If you want some simulated data to work with for this article, try the following.

import numpy as np
import pandas as pd
import datetime
from datetime import timedelta

start_date = datetime.date(2010, 1, 1)
date_index = [start_date + timedelta(days=i) for i in range(3650)]

price = initial_price = 100
prices = []
for i in range(3650):
    price *= (1 + np.random.normal(loc=0.0001, scale=0.005))
    prices.append(price)

series = pd.Series(prices, index=date_index)

Calculating CAGR

CAGR (compounded annual growth rate) is the annual compounded rate of return required to achieve a total return over the specified time frame.

def calculate_percent_return(series: pd.Series):
    return series.iloc[-1] / series.iloc[0] - 1

def get_years_past(series: pd.Series):
    start_date = series.index[0]
    end_date = series.index[-1]
    return (end_date - start_date).days / 365.25

def calculate_cagr(series: pd.Series):
    start_price = series.iloc[0]
    end_price = series.iloc[-1]
    value_factor = end_price / start_price
    year_past = get_years_past(series)
    return (value_factor ** (1 / year_past)) - 1

print(calculate_cagr(series))

Calculating Annualized Volatility

Volatility in finance is typically assumed to be the annualized standard deviation of log returns. It is computed as follows.
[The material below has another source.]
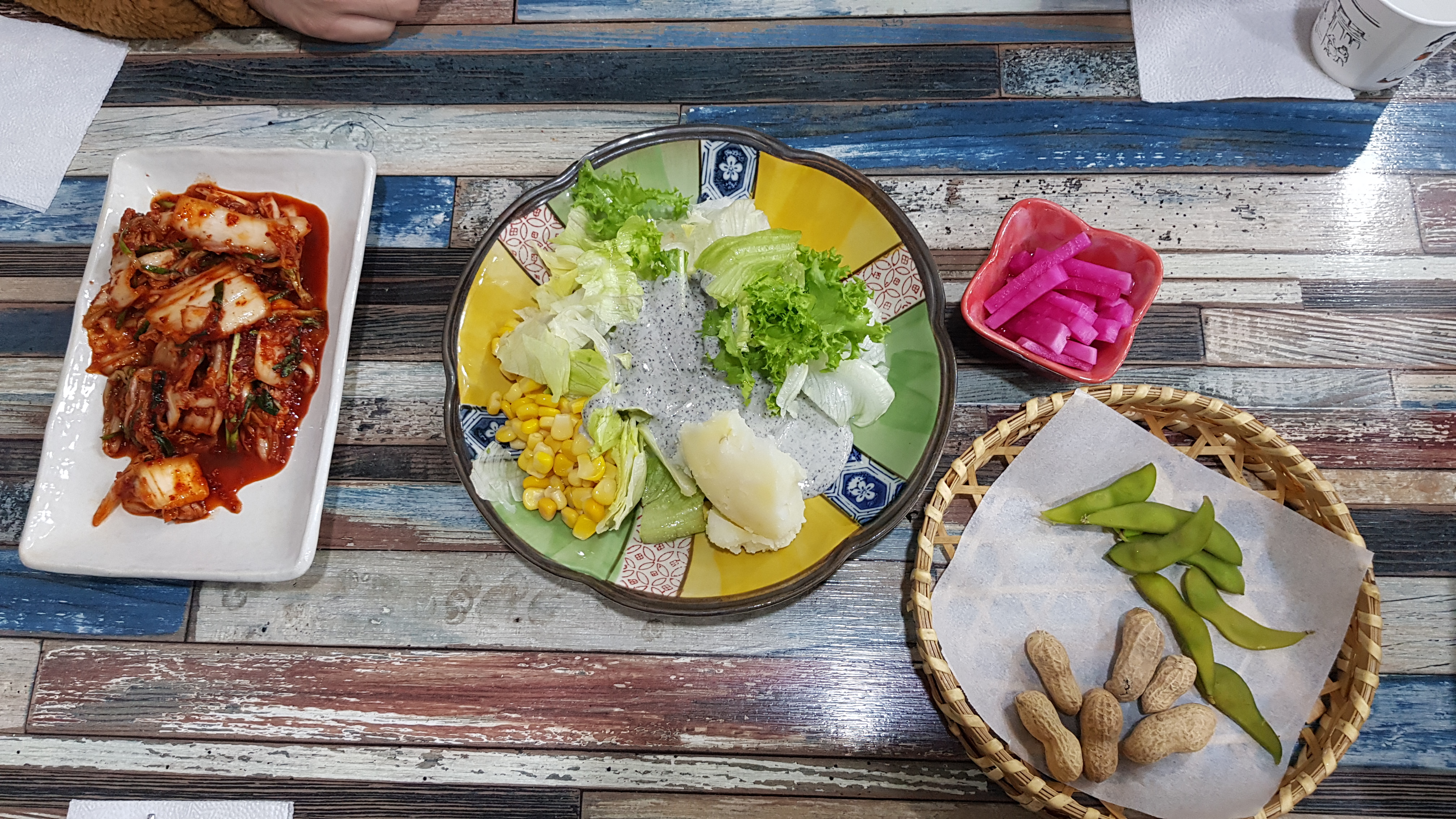 자리에 앉자마자 이렇게 김치와 샐러드, 피클, 땅콩과 완두콩이 나온다. 이 웰컴 밑반찬을 먹고 있자면 음식이 나올때 까지 기다림의 초조함을 상쇄시킬 수 있다.

def calculate_log_return_series(series: pd.Series):
    shifted_series = series.shift(1, axis=0)
    return pd.Series(np.log(series / shifted_series))

def calculate_annualized_volatility(return_series: pd.Series):
    years_past = get_years_past(return_series)
    entries_per_year = return_series.shape[0] / years_past
    return return_series.std() * np.sqrt(entries_per_year)

return_series = calculate_log_return_series(series)
print(calculate_annualized_volatility(return_series))

Calculating MACD

The MACD oscillator is a popular indicator based on the difference between two moving averages of different lengths.

def calculate_simple_moving_average(series: pd.Series, n: int=20):
    return series.rolling(n).mean()

def calculate_macd_oscillator(series: pd.Series,
    n1: int=5, n2: int=34):
    return calculate_simple_moving_average(series, n1) - \
        calculate_simple_moving_average(series, n2)

print(calculate_macd_oscillator(series))

Calculating Bollinger Bands

The Bollinger Bands are another proper indicator that involves computing an upper, middle, and lower band.

def calculate_simple_moving_sample_stdev(series: pd.Series, n: int=20):
    return series.rolling(n).std()

def calculate_bollinger_bands(series: pd.Series, n: int=20):
    sma = calculate_simple_moving_average(series, n)
    stdev = calculate_simple_moving_sample_stdev(series, n)

    lower = sma - 2 * stdev
    middle = sma 
    upper = sma - 2 * stdev

    return lower, middle, upper

print(calculate_bollinger_bands(series))

Conclusion

I hope this post can provide some inspiration. I have been impressed in recent years how pandas increasingly caters directly to quants and financial analysts. If you want more detail, check out my latest book Algorithmic Trading with Python.

Filed Under: Automated Trading, Programming with Python

Comments

  1. geoff says

    August 16, 2020 at 10:34 am

    looks like your code has been horribly manged – I can make out < for MACD, but what is the last for Bollinger Bands?

    Reply
    • Chris Conlan says

      August 16, 2020 at 6:12 pm

      Thanks for pointing that out Geoff. HTML entities were eating some of my code. I fixed it.